Candidate regions mediating a transformation of sensation to action have been identified within a frontoparietal network, where neurons are thought to encode abstract information related to perceptual decisions (Heekeren et al., 2004; Machens et al., 2005). In monkeys, decision-related signals have been studied in great detail in the tactile domain (Romo et al., 1993, 1999, 2002, 2004; Hernandez et al., 2000, 2002; de Lafuente and Romo, 2002; Romo and Salinas, 2003). As in other sensory systems, the cortical representations of the sensory stimulus may inform perceptual decisions (Platt and Glimcher, 1999; Shadlen and Newsome, 2001; Machens et al., 2005).

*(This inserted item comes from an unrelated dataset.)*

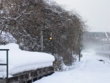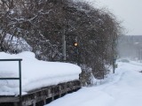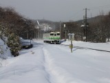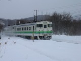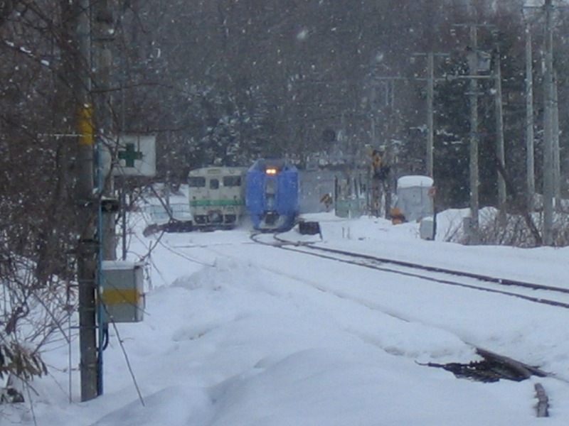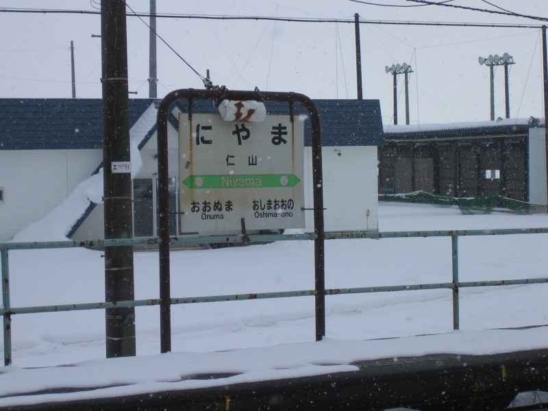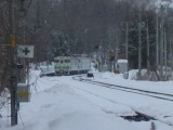 左の写真を撮影中に、仁山駅函館側の踏切が鳴り始めました。退散しようにも、雪で足を取られ、それでもなんとか上り線路脇まで逃げました。来た貨物列車がゆっくりの走行であったため、カメラ構える余裕ができましたが・・・。 軌道敷に入っての撮影は、それなりのリスクが伴います。時刻表に列車が載っていなくても、臨時列車や貨物列車の運転、ダイヤの乱れ等によって、列車が来ることがあります。 本来、許可無く軌道敷内に立ち入ることは禁止されています。私もやってしまった以上、大きな事は言えませんが、軌道敷内への立ち入りは最小限にとどめ、(個人的な興味を含めた)撮影,調査などで、どうしても立ち入る場合は、周囲の状況に最大限注意し、最悪、予想外の列車が来てもすぐ避難できるよう態勢で、自己責任で行ってください。取り返しのつかないことが起こっても、私は責任を負えません。 |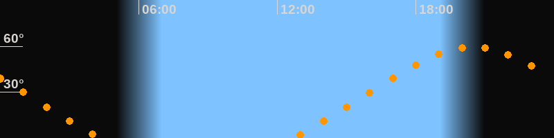 | Aufgang | 12:38 Uhr im Nordosten (αAz = 56°) |

Ernst Heinrich Weber developed an approach to the study of human perception for physical stimuli in a quantitative manner. One of his key observations, often referred to as Weber's law, was that perception of a stimulus change depends on both the magnitude of the change (Δs) and the stimulus baseline intensity (s). At threshold, the ratio of stimulus change and baseline intensity (Δs/s) is constant (Weber, 1834). Successful discrimination of two stimuli will thus depend on the relative stimulus change, Δs/s (Dayan and Abbott, 2001). In this view, correct perceptual decisions depend on how well two stimuli can be reliably discriminated. The underlying neuronal mechanisms for this decision process are mostly unknown.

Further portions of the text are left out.